------ Extracted material

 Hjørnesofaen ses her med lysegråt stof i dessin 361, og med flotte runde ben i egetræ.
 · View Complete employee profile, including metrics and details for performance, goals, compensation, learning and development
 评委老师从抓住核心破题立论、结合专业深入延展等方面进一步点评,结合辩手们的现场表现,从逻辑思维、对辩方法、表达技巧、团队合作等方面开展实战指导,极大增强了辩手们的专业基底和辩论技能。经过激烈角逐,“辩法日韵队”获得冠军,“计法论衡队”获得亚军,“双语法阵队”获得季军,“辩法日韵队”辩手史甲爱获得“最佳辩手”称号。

------------
------ Extracted material

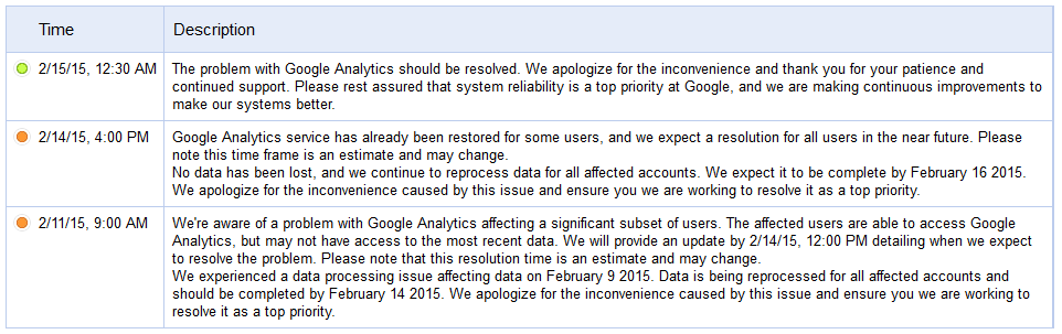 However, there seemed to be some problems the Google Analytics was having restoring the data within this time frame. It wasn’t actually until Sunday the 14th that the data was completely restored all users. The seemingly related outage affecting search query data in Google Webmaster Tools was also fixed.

------------

Task requirements:
Set down again, word for word, the stretch of records from the line with "Hjørnesofaen ses her" to the line with "评委老师从抓住核心破题立论、", both of those lines included.

Answer space:
 Hjørnesofaen ses her med lysegråt stof i dessin 361, og med flotte runde ben i egetræ.
 · View Complete employee profile, including metrics and details for performance, goals, compensation, learning and development
 评委老师从抓住核心破题立论、结合专业深入延展等方面进一步点评,结合辩手们的现场表现,从逻辑思维、对辩方法、表达技巧、团队合作等方面开展实战指导,极大增强了辩手们的专业基底和辩论技能。经过激烈角逐,“辩法日韵队”获得冠军,“计法论衡队”获得亚军,“双语法阵队”获得季军,“辩法日韵队”辩手史甲爱获得“最佳辩手”称号。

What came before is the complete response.